» **Work task**: Without any pictures, print the lines below from the one that has "PDM The damage" through the one that has "门体、门框由灰口铸铁(或球墨", exactly and nothing else.

» **Records**:
┌────────

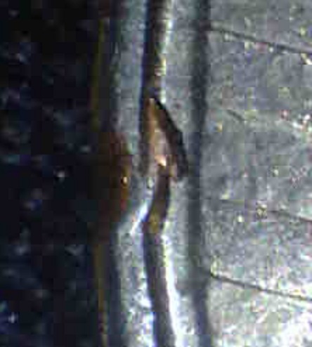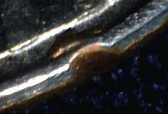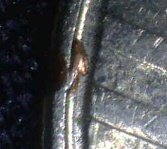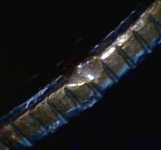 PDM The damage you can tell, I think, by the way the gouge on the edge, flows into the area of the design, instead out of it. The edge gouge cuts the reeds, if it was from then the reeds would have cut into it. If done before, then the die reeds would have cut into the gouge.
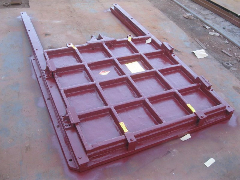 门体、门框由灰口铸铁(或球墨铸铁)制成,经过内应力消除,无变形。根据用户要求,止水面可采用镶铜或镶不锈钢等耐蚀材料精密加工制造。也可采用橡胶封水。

└────────
┌────────

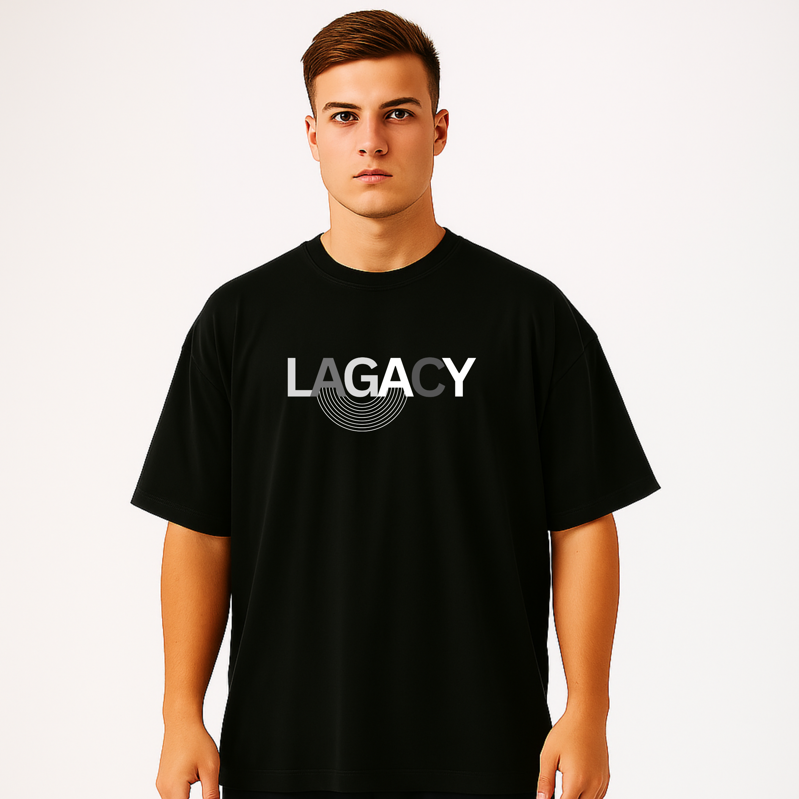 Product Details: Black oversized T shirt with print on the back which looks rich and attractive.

└────────
┌────────

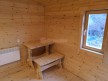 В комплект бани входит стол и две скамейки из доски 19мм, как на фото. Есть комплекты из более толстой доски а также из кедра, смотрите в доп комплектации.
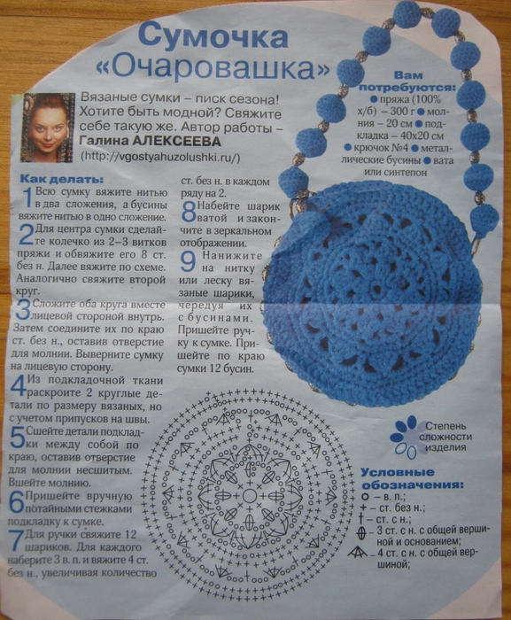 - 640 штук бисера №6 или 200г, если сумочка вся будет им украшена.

└────────

» **Answer to the exercise**:
 PDM The damage you can tell, I think, by the way the gouge on the edge, flows into the area of the design, instead out of it. The edge gouge cuts the reeds, if it was from then the reeds would have cut into it. If done before, then the die reeds would have cut into the gouge.
 门体、门框由灰口铸铁(或球墨铸铁)制成,经过内应力消除,无变形。根据用户要求,止水面可采用镶铜或镶不锈钢等耐蚀材料精密加工制造。也可采用橡胶封水。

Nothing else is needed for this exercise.